116. Populating Next Right Pointers in Each Node 🌟🌟

You are given a perfect binary tree where all leaves are on the same level, and every parent has two children. The binary tree has the following definition:

struct Node {
  int val;
  Node *left;
  Node *right;
  Node *next;
}

Populate each next pointer to point to its next right node.

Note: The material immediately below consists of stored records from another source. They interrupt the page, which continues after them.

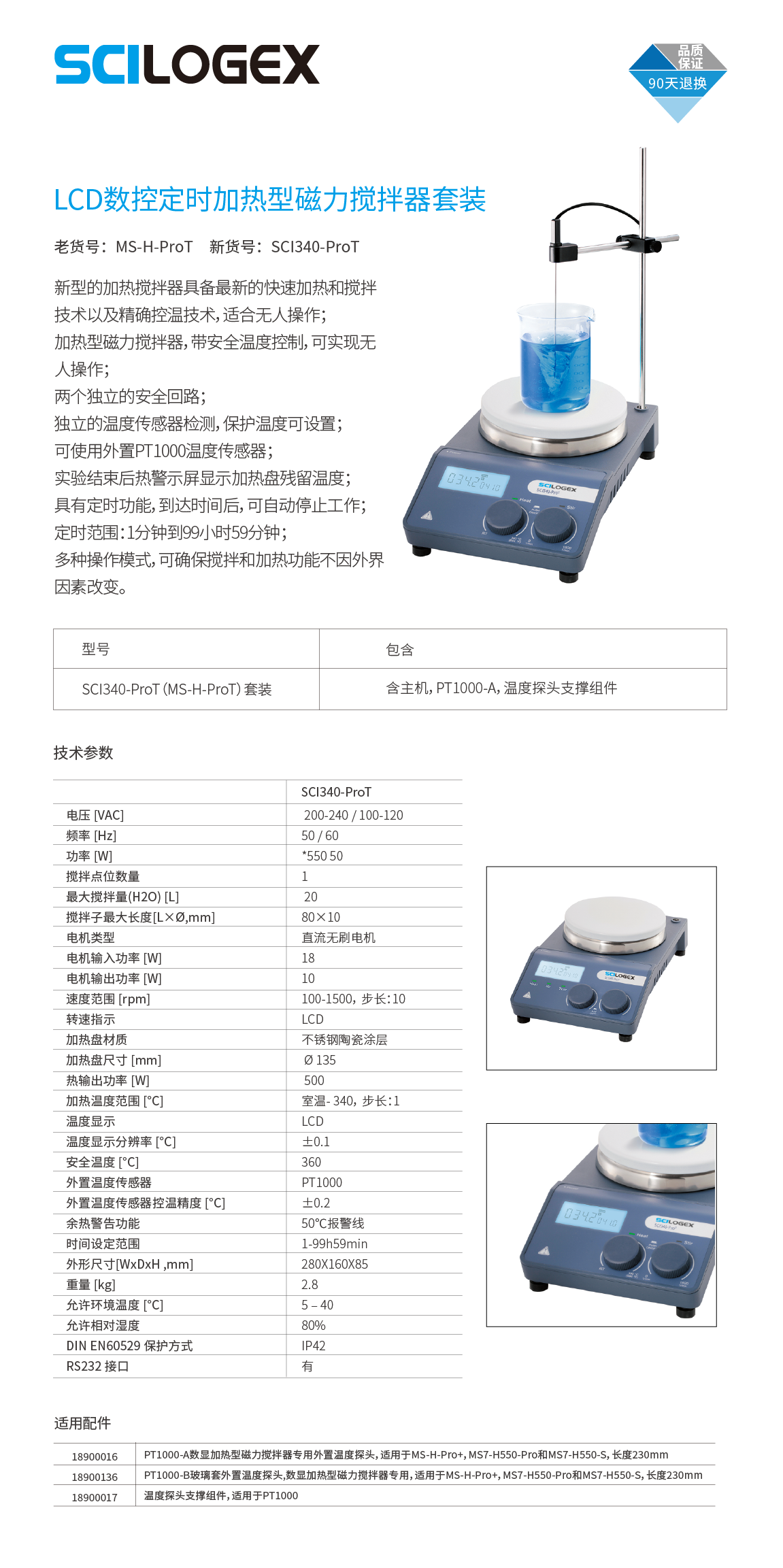 新SCI340-ProT老MS-H-PROT LCD數(shù)控定時(shí)加熱型磁力攪拌器套裝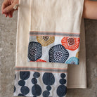 O tom cru do tecido valoriza o natural e reforça o cuidado na escolha dos materiais. O acabamento em tricoline estampada — também 100% algodão — traz cor e aquele toque moderno e estiloso à peça, com estampas Panólatras que fazem a diferença na cozinha.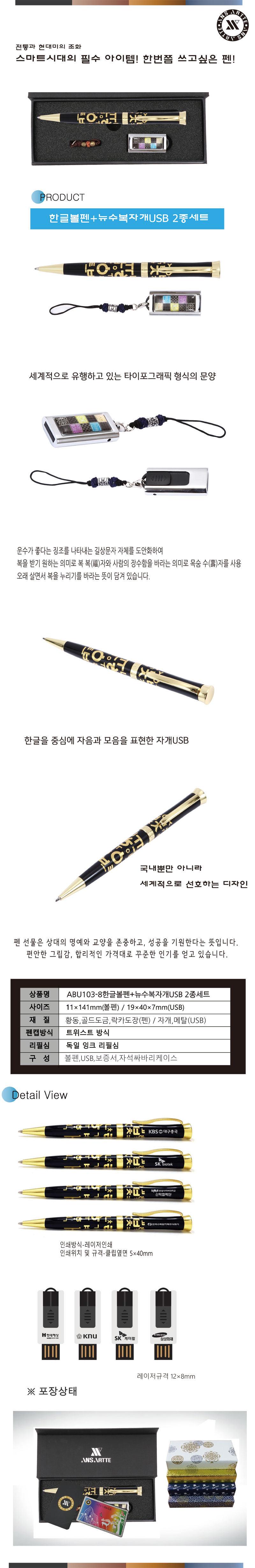 한글볼펜+뉴수복자개USB(8GB~64GB)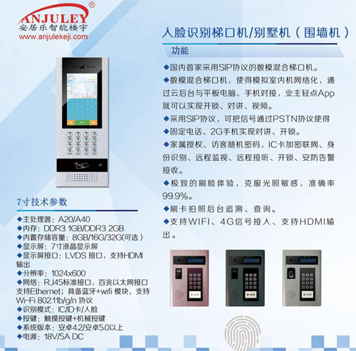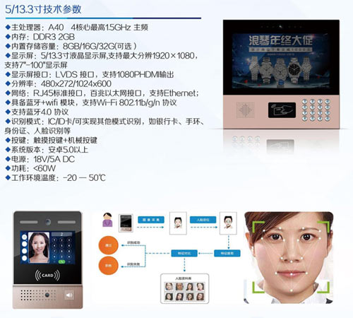 5/7/13.3寸人臉識別:極致的刷臉體驗,克服光照敏感,準確率99.9%。
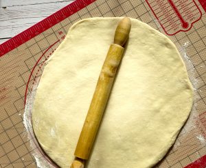 - Danach den Teig wieder auf die bemehlte Arbeitsfläche geben und mit einem Nudelholz ausrollen (ca. 1 cm dick)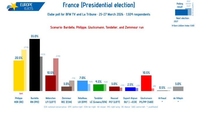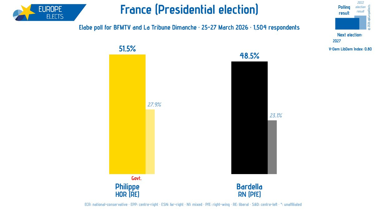 Second round, Philippe vs Bardella: So, taking these in mind, Edouard Philippe would currently win a hypothetical run-off against Bardella, but only at 51.5% to 48.5%. The Republican Front holds, but its margin is historically narrow and would show a sharp fall from the victory margin when Macron beat Le Pen by over 17% in 2022.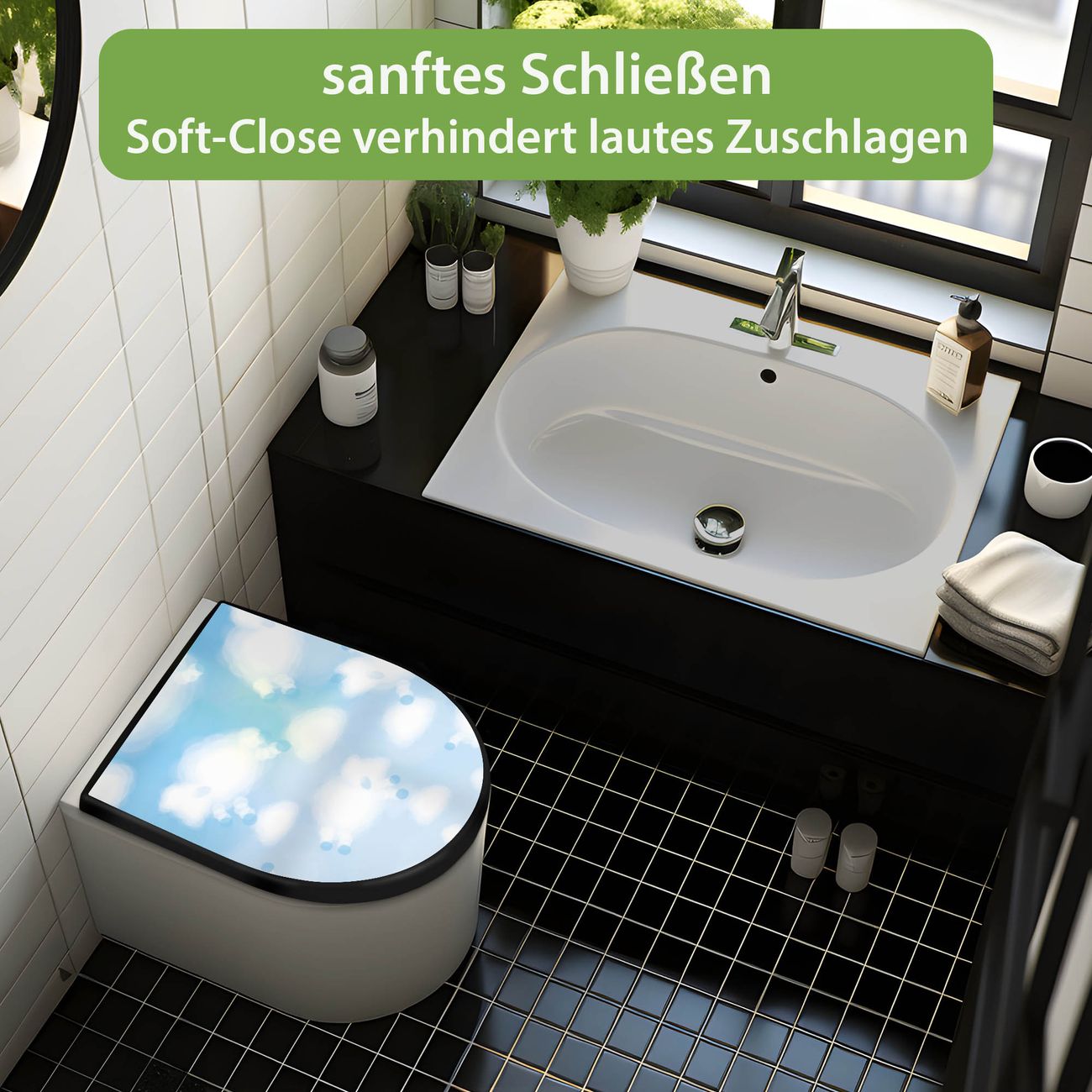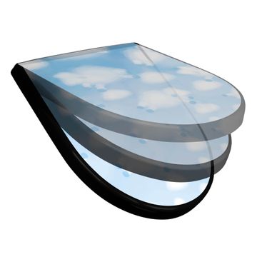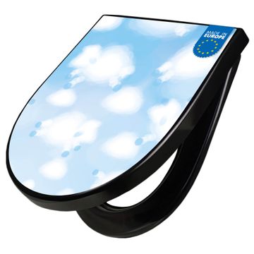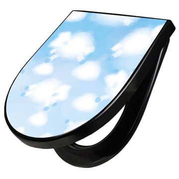 WC Sitz D-Form Schwarz mit Absenkautomatik Motiv Schäfchenwolken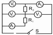 18.如图所示电路中,电压表V1,V2,V3的示数分别为U1,U2,U3,电流表A1,A2的示数分别为I1,I2,那么下列关系正确的是: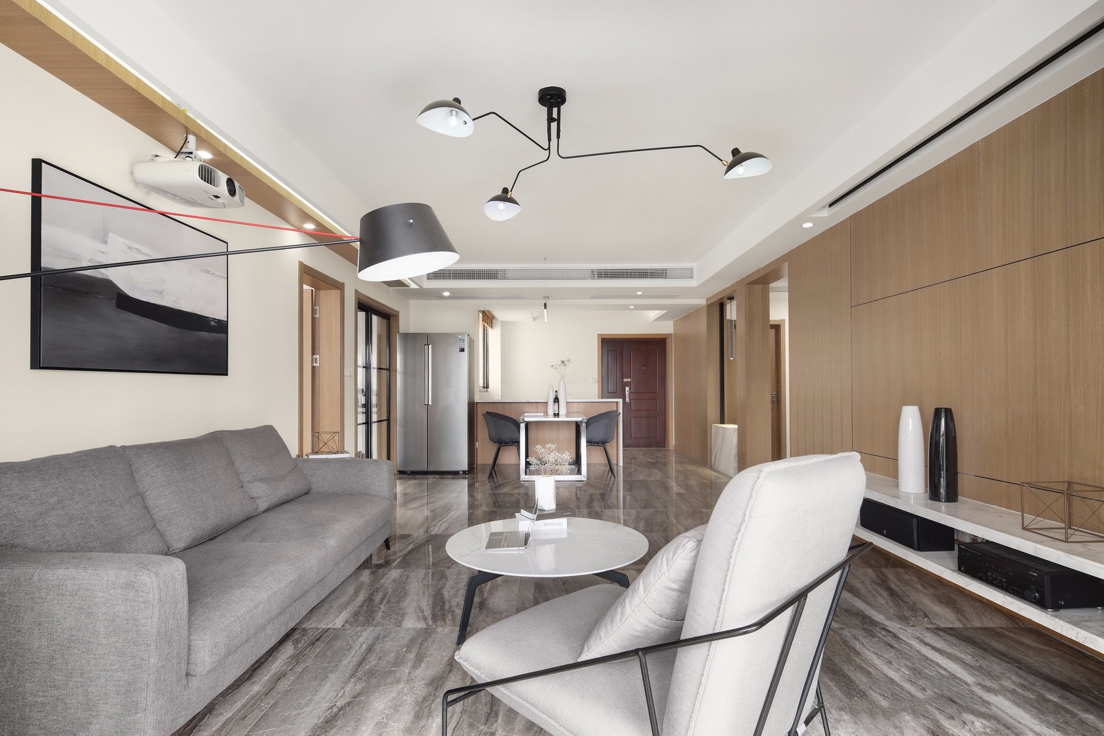 在整体空间的颜色搭配、家具风格选择都是统一、和谐的,在细节之处,处处透露着精致。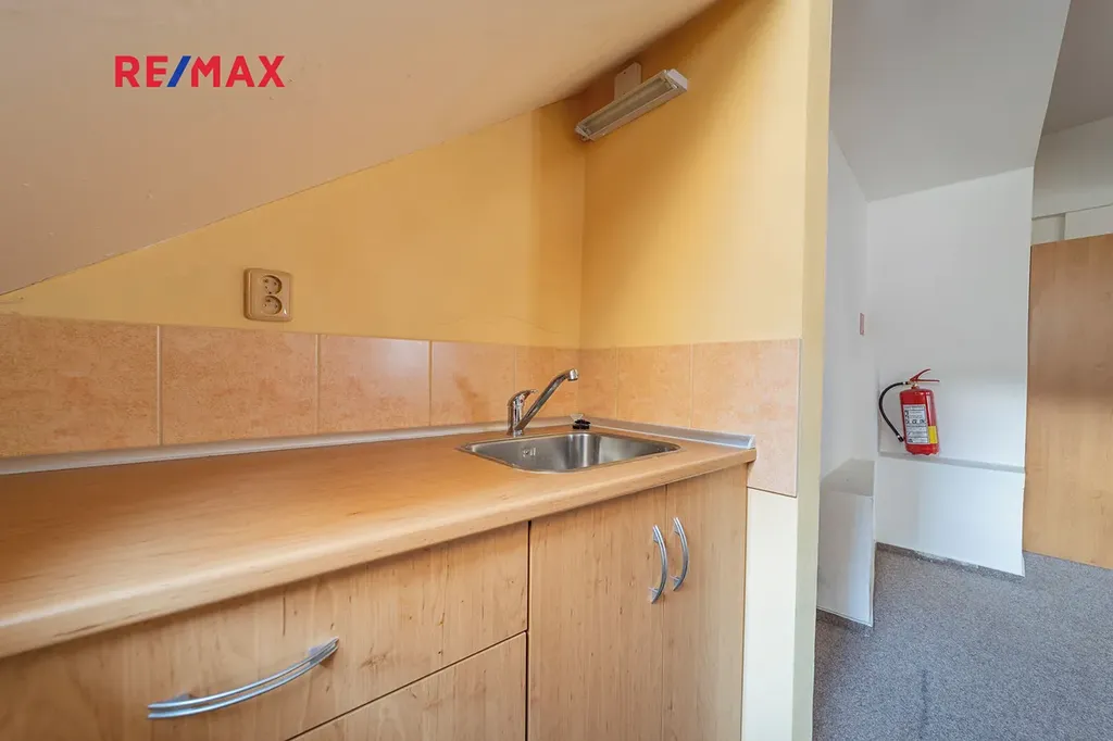 3. NP: Stylový otevřený podkrovní prostor s kuchyňským koutem a samostatným WC.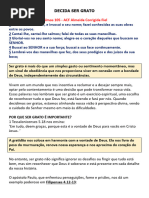 2. Ingratidão abre espaço para o destruidor. 3. Dar graças por tudo.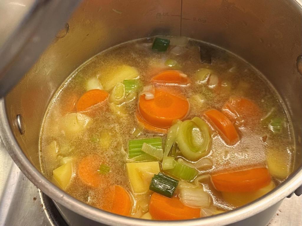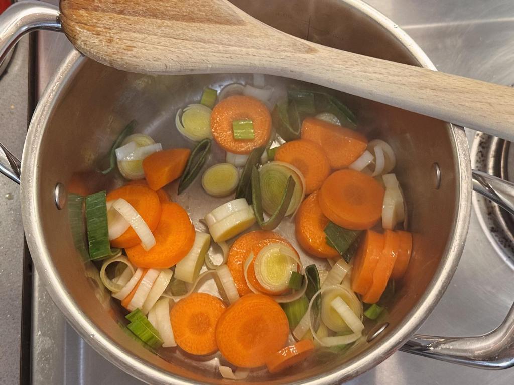 - In a large pot, sauté the leeks and carrots in butter and olive oil.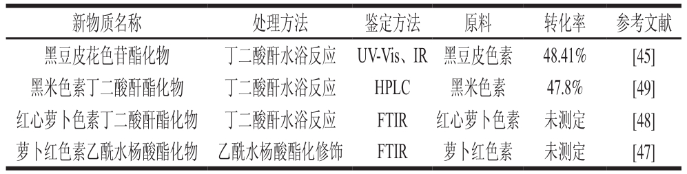 新物质名称 处理方法 鉴定方法 原料 转化率 参考文献黑豆皮花色苷酯化物 丁二酸酐水浴反应 UV-Vis、IR 黑豆皮色素 48.41% [45]黑米色素丁二酸酐酯化物 丁二酸酐水浴反应 HPLC 黑米色素 47.8% [49]红心萝卜色素丁二酸酐酯化物 丁二酸酐水浴反应 FTIR 红心萝卜色素 未测定 [48]萝卜红色素乙酰水杨酸酯化物 乙酰水杨酸酯化修饰 FTIR 萝卜红色素 未测定 [47]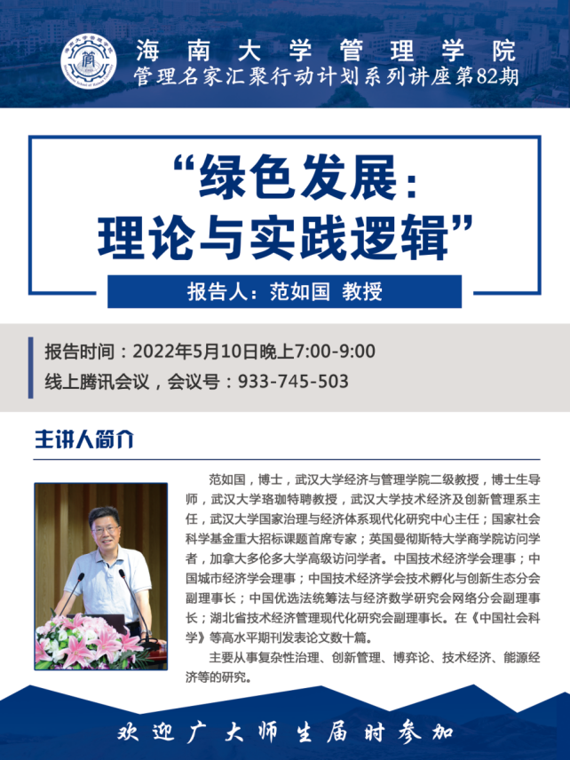 2022年5月10日,公海gh555000aa线路检测管理公司管理名家汇聚行动计划系列讲座第82期顺利举办(线上视频会议形式)。本次讲座由武汉大学二级教授、武汉大学珞珈特聘教授、经济与管理公司博士生导师范如国教授主讲,公海gh555000aa线路检测管理公司副经理付景涛教授主持。公海gh555000aa线路检测管理公司和经济公司教师及工商管理硕士研究生(MBA)等近200人在线参加了本次讲座。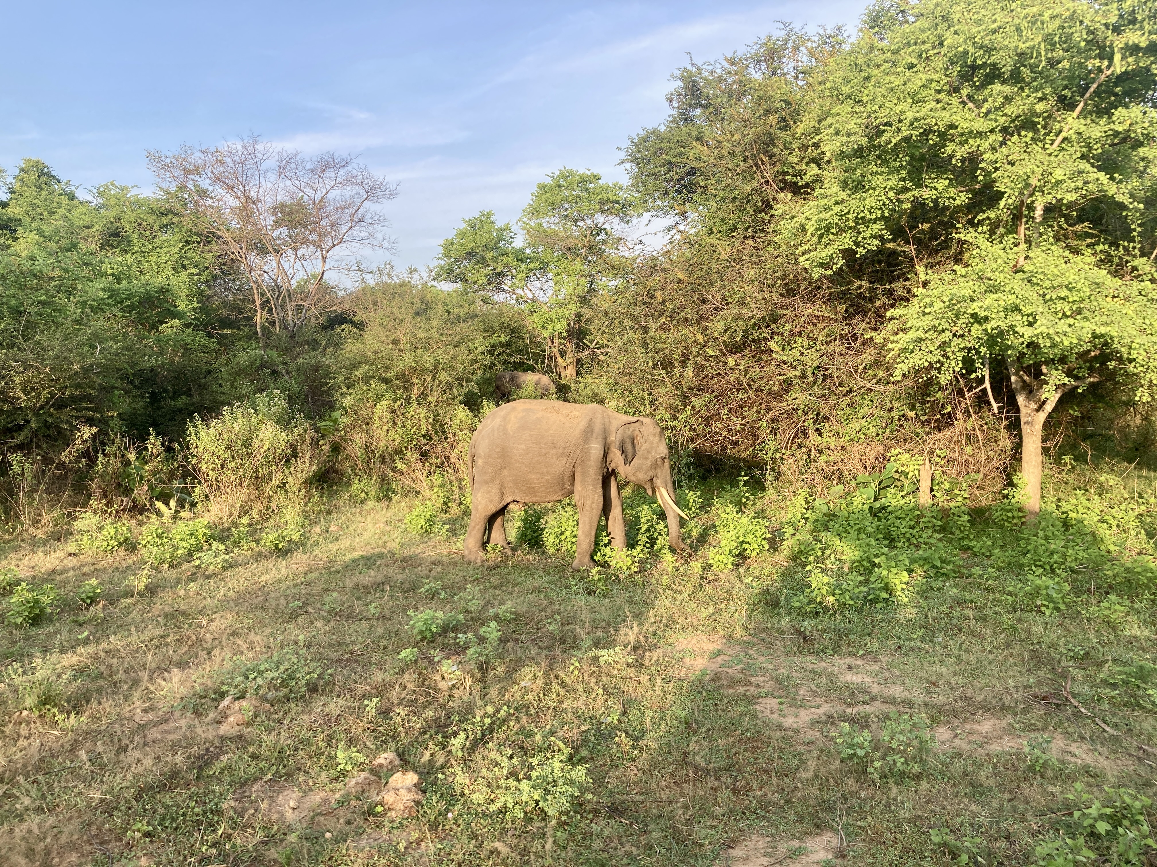 We saw about 15 elephants in total, with many of the sightings starting out with us spotting them feeding in the bushes and then happening to come out in the open so that we could see them better. Our best sighting was a group of 5 elephants that included a mom and baby, as well as a male with tusks, which is extremely rare and considered lucky to see in Sri Lanka. Besides elephants, we also saw many other interesting animals during our safari. Some highlights include many birds, water buffalo, deer, and lace monitors, to name a few.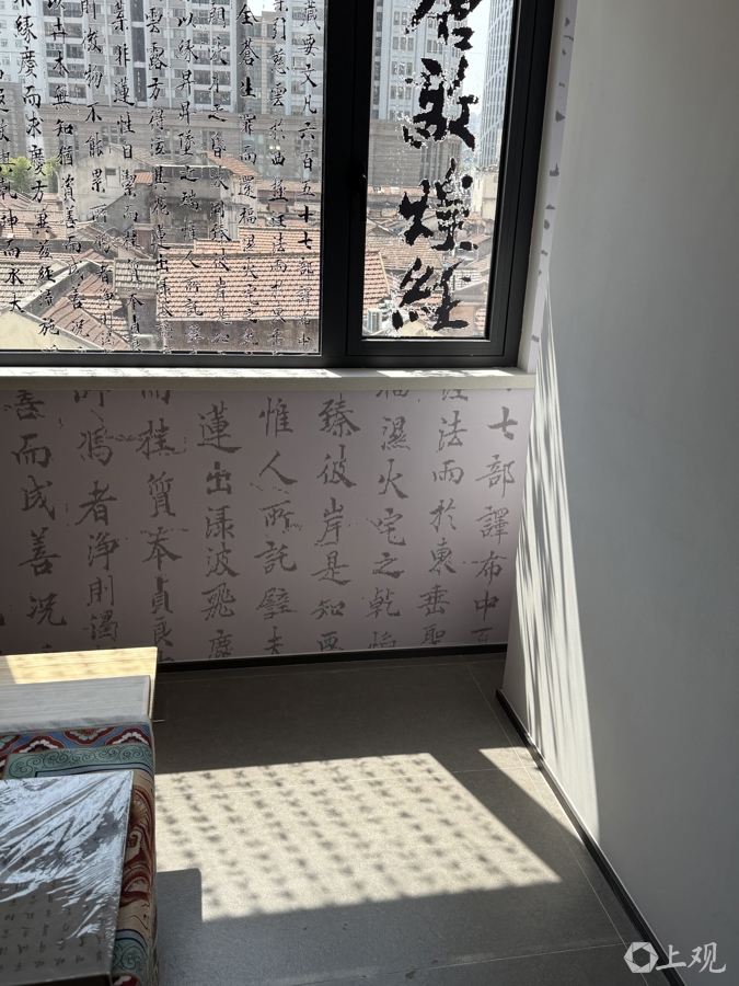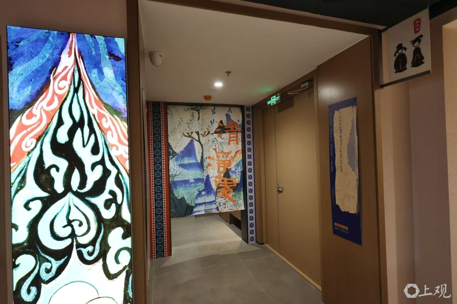 特色空间“藏经洞”里,随着光线移动,窗上文字的投影构成一幅流动的文献图卷。施晨露摄

If there is no next right node, the next pointer should be set to NULL.

Initially, all next pointers are set to NULL.

This question is in continuation with A general approach to level order traversal questions series.

Previous Questions

1. Binary tree level order traversal
2. Binary tree level order traversal - II
3. Binary tree zig-zag level order traversal
4. Average of levels
5. Binary tree right side view
6. largest value in each tree row

• Next 2 solutions are part of the series other are not.

Recursive Solution

• self explanatory

Code

class Solution {
private:
    void connectDFS(Node* root)
    {
        if (root == NULL || root->left == NULL) // check if left is NULL
            return;

        root->left->next = root->right; // next pointer of root's left

        if (root->next != NULL) // if root's next exist
            root->right->next = root->next->left; // next pointer of root's right

        connectDFS(root->left);
        connectDFS(root->right);
    }

public:
    Node* connect(Node* root)
    {
        connectDFS(root);
        return root;
    }
};

Iterative Solution

• Self explanatory

Code

class Solution {
public:
    Node* connect(Node* root)
    {
        if (root == NULL) return NULL;

        queue<Node*> q;
        q.push(root);

        while (!q.empty()) {
            int sz = q.size();
            for (int i = 0; i < sz; i++) {
                Node* temp = q.front(); q.pop();
                if (temp->left) q.push(temp->left);
                if (temp->right) q.push(temp->right);

                // if its last node it's next is NULL else q.front()(next left node)
                temp->next = (i == sz - 1 ? NULL : q.front());
            }
        }
        return root;
    }
};

O(N) Time and O(N) space

• Using level order traversal technique and NULL.
• if current node is null and q is not empty, then push NULL into q.
• else set current node’s next to q’s front.
• push left and right in the queue , if they are not NULL.

Code

class Solution {
public:
    Node* connect(Node* root) {
        if(!root) return NULL;

        queue<Node *> q;
        q.push(root);
        q.push(NULL);

        while(!q.empty()){
            Node *curr=q.front();
            q.pop();

            if(curr==NULL){
                if(!q.empty()) q.push(NULL);
            }else{
                curr->next = q.front();
                if(curr->left!=NULL) q.push(curr->left);
                if(curr->right!=NULL) q.push(curr->right);
            }
        }
        return root;
    }
};

O(N) Time and O(1) space

• level order traversal with root and its child,just dry run once you get the idea.

Code

class Solution{
public:
    Node *connect(Node *root){
        if (root == NULL) return root;

        Node *pre = root;
        Node *cur = NULL;

        while (pre->left){
            cur = pre;
            while (cur){
                cur->left->next = cur->right;
                if (cur->next)
                    cur->right->next = cur->next->left;
                cur = cur->next;
            }
            pre = pre->left;
        }
        return root;
    }
};